A parte l’ambito musicale austro-tedesco, si è occupato di altri studi?
L’unica breve “scappatella” al di fuori di tale ambito è stato uno studio sul Futurismo che mi commissionò il musicologo trentino Antonio Carlini nell’ambito delle celebrazioni del 2009 su questo movimento musicale italiano. È stato uno studio interessante. Considero ad ogni modo il Futurismo come fenomeno culturale più affascinante dal punto di vista concettuale, nell’ambito delle arti figurative e della letteratura, che non per gli esiti musicali.
I suoi maestri in ambito musicologico?
Sicuramente il mio professore Giorgio Pestelli. Oltre al rigore particolare, mi ha insegnato a considerare la musica non solo in senso tecnicistico, ma anche ad approfondirne i legami con la letteratura, col pensiero e la cultura in generale. Poi Carl Dahlhaus con la sua opera, che per me è stata ed è tutt’ora una lezione di rigore metodologico, congiunta con un’apertura a 360 gradi nei confronti delle altre discipline, dalle arti alla filosofia.

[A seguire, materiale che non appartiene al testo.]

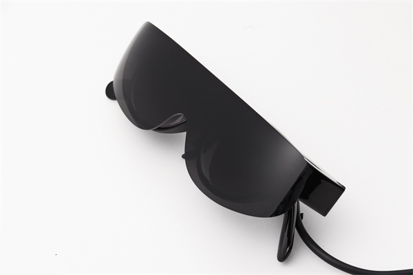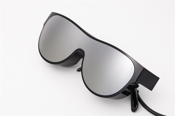 下面这款镜片外侧为镜面设计,镀银的表面在视觉上呈现出一种高端酷炫的气质,看起来比较霸气。不过这款镜片几乎不透光,而且全包的设计可带来更沉浸的体验,适合在家观影使用。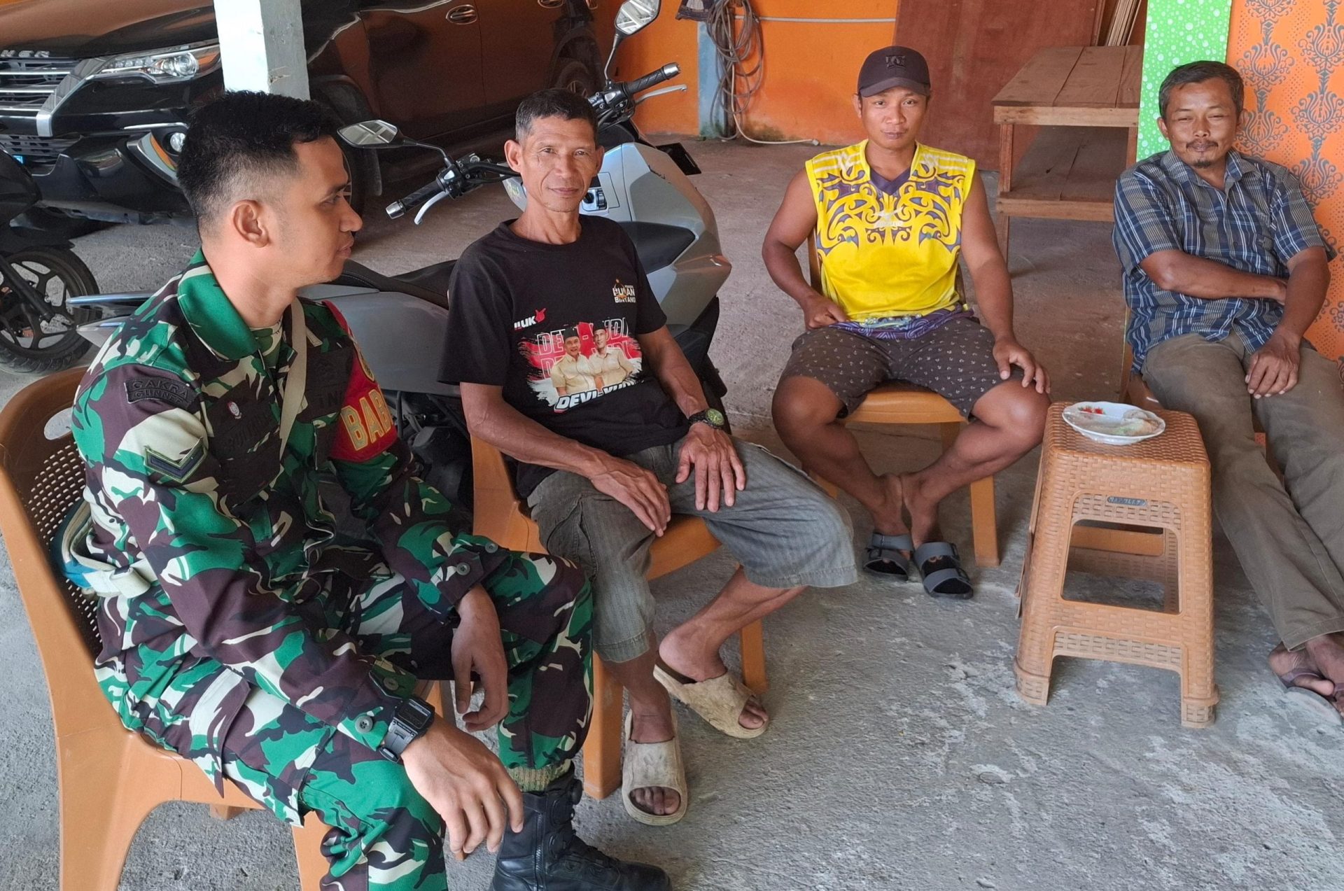 Babinsa Koramil 406-01/Rawas Ulu, Serda Amrullah Rohim, melaksanakan kegiatan Komunikasi Sosial (Komsos) bersama masyarakat Desa Pulau Kidak, Kecamatan Ulu Rawas, Kabupaten Musi Rawas Utara,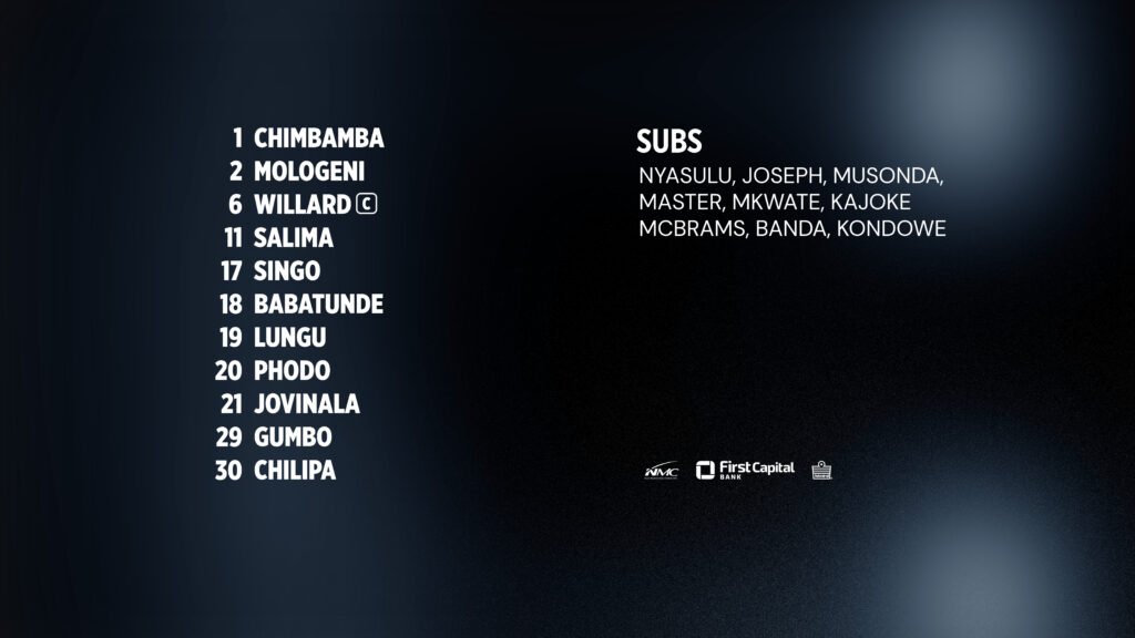 Mponda has made several adjustments from the team that started in last Sunday’s 2-0 loss to Creck Sporting Club, giving the squad fresh legs while retaining key performers. Players such as Innocent Nyasulu, Paul Master, Peter Banda, and Ephraim Kondowe start on the bench, ready to make an impact if called upon.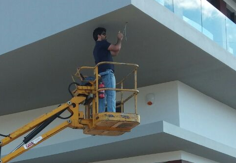 O cliente não dispunha de uma rede interligada. Foi necessário intervir na infra-estrutura instalada, cravando tomadas RJ45 e testando toda a instalação existente.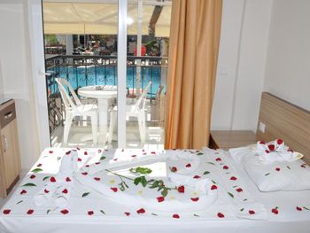 Отношение персонала ресепшена: все улыбаются, кивают, но никто ничего не делает. Английский язык не знают, русский тем более. Уборка в номерах не проводится, надо просить несколько дней. Проблемы с горячей водой, отсутствует либо невозможно отрегулировать температуру воды, Wi-Fi практически отсутствует, сейф в номер заказать невозможно. На пляже душ со сломанной лейкой, приходилось пользоваться душем других отелей. Телефоны в номерах не работают. Мало зелени, утром в 6-00 приезжает машина, которая вывозит мусор и раздается грохот контейнеров, при открытом балконе спать невозможно. К открытию сезона отель был не готов. Пришлось сменить несколько номеров, искали номер с работающей сантехникой, холодильником и т.д.
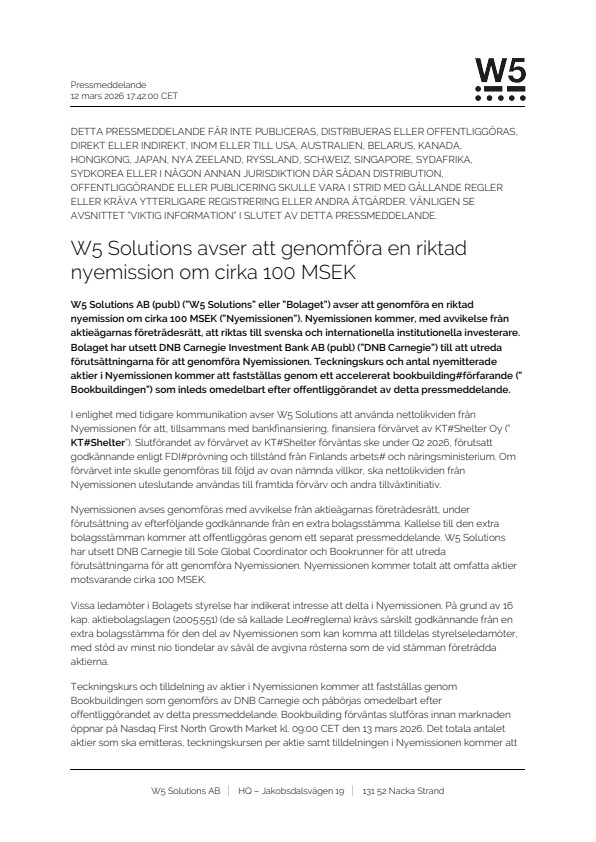 W5 Solutions AB (publ) (”W5 Solutions” eller ”Bolaget”) avser att genomföra en riktad nyemission om cirka 100 MSEK (”Nyemissionen”). Nyemissionen kommer, med avvikelse från aktieägarnas företrädesrätt, att riktas till svenska och internationella institutionella investerare. Bolaget har utsett DNB Carnegie Investment Bank AB (publ) (”DNB Carnegie”) till att utreda förutsättningarna för att genomföra Nyemissionen. Teckningskurs och antal nyemitterade aktier i Nyemissionen kommer att fastställas genom ett accelererat bookbuilding‑förfarande (”Bookbuildingen”) som inleds omedelbart efter offentliggörandet av detta pressmeddelande.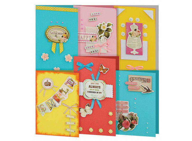 В набор входит: 6 заготовок для открыток, 6 конвертов, клеевые подушечки, декоративные элементы (вырубка из картона, ленты, паетки, стразы, полубусины)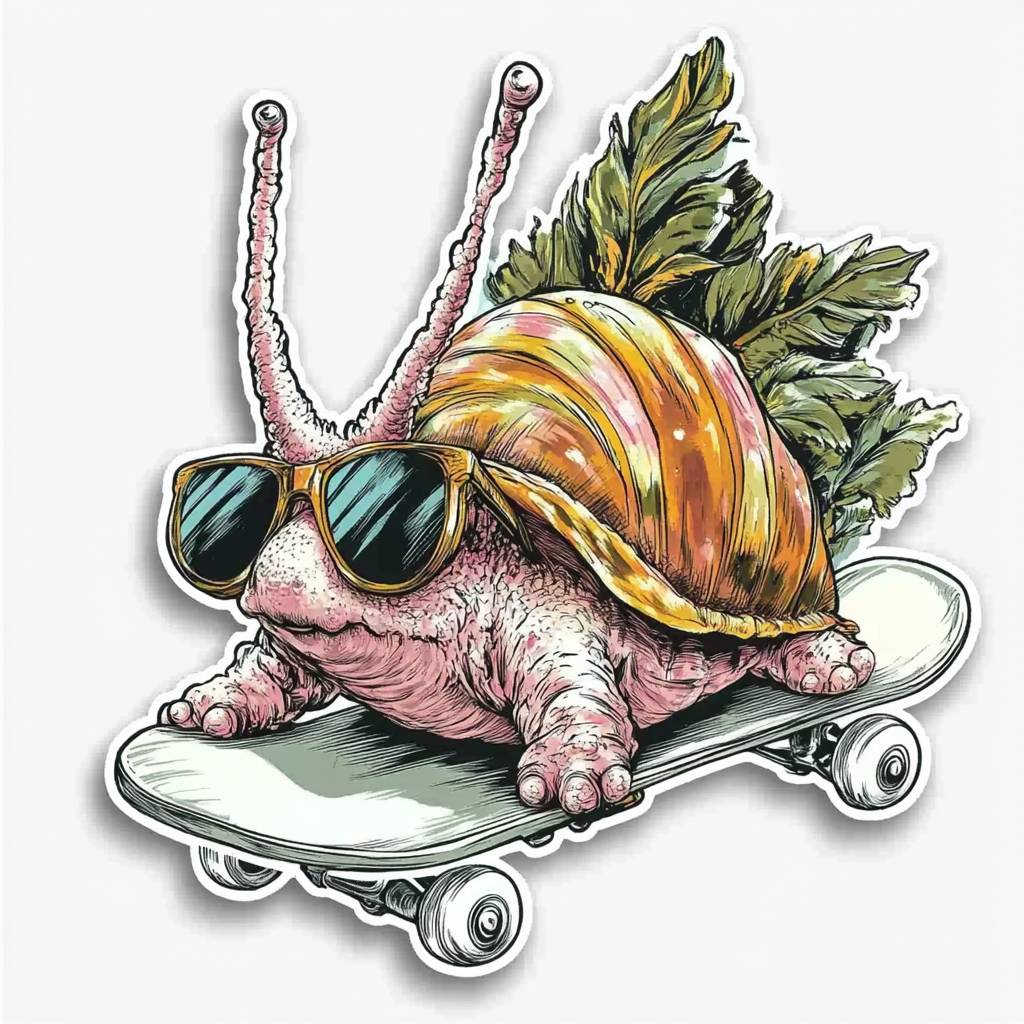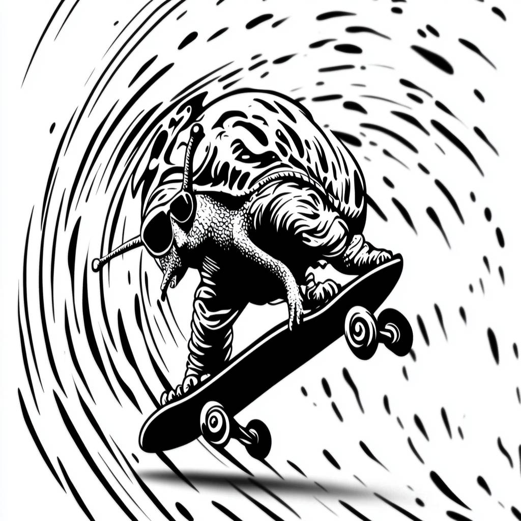 Icono en blanco y negro: un caracol en un monopatín con gafas de sol.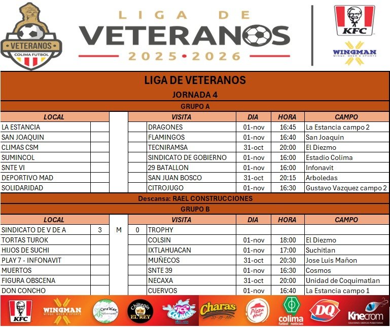Para la cuarta Fecha de la Temporada 2025-26, los líderes tendrán rivales cómodos, pues en el “A”, Citrojugo se medirá al colero de su sector, Solidaridad, el sábado, a las 4:30 de la tarde, en el campo 1 de la UGVM de Villa de Álvarez.
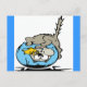 Postal Gato con la cabeza atascada en un tazón de pescado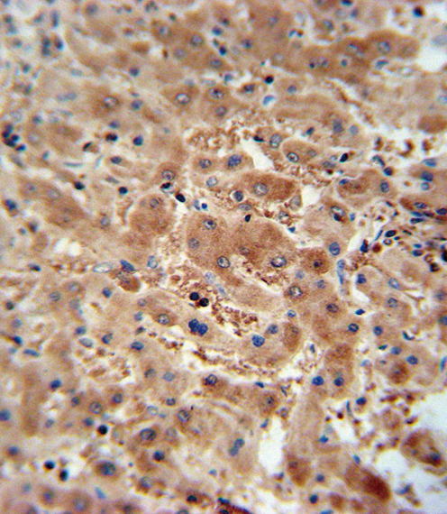 ASAP3 antibody (N-term) (Cat. APR03514G) immunohistochemistry analysis in formalin fixed and paraffin embedded human hepatocarcinoma followed by peroxidase conjugation of the secondary antibody and DAB staining. This data demonstrates the use of the ASAP3 antibody (N-term) for immunohistochemistry. Clinical relevance has not been evaluated. |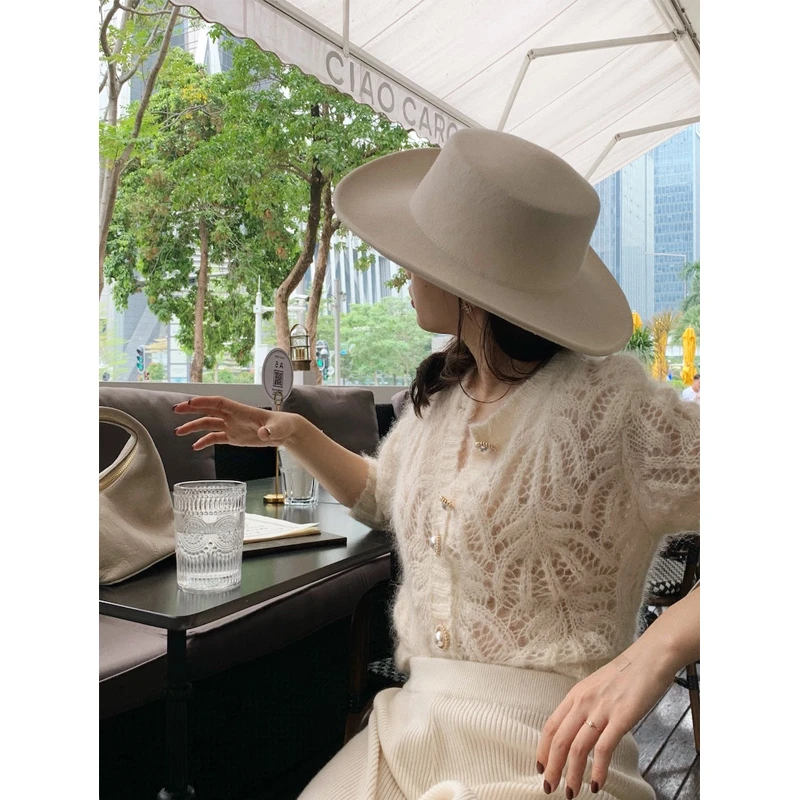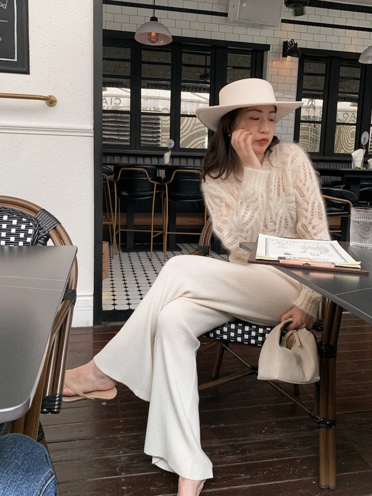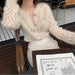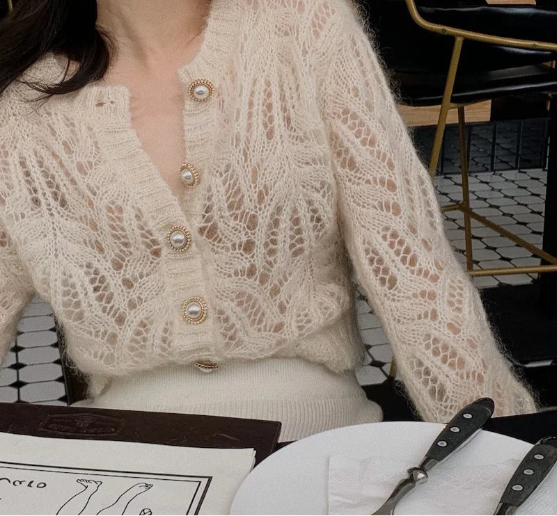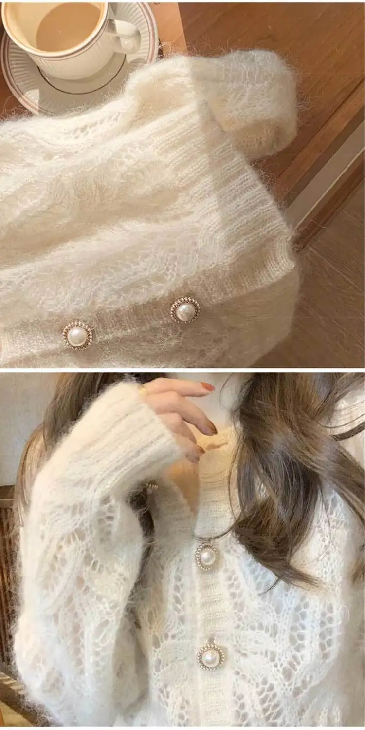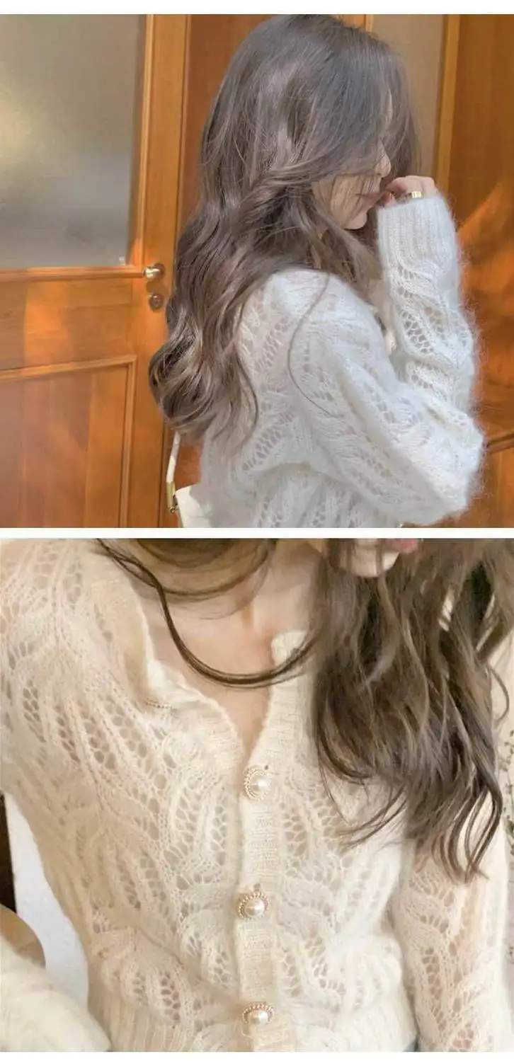 Hnewly Women Hollow Out Fluffy Vintage Button-up Temper Ladies Knitted Sweater Outwear Slouchy All-match Loose Casual Ulzzang

Quali sono i filosofi che ritiene fondamentali in quanto musicologo?
Certamente Platone e Aristotele, seguiti da Kant. Ultimamente anche l’ermeneutica filosofica di Gadamer ma anche la fenomenologia di Husserl, in relazione soprattutto ai miei studi sull’approccio alla musica di Celibidache. Sono anche un appassionato lettore di testi teologici, dei mistici occidentali come ad esempio Meister Eckart, Silesius o San Giovanni della Croce, autori che a loro volta mi riportano ancora una volta a Celibidache, convertitosi negli anni Trenta del secolo scorso, a Berlino, al Buddhismo Zen, sotto la guida di Martin Steinke, divenuto monaco buddhista, e ai suoi vastissimi interessi per i metafisici di ogni latitudine.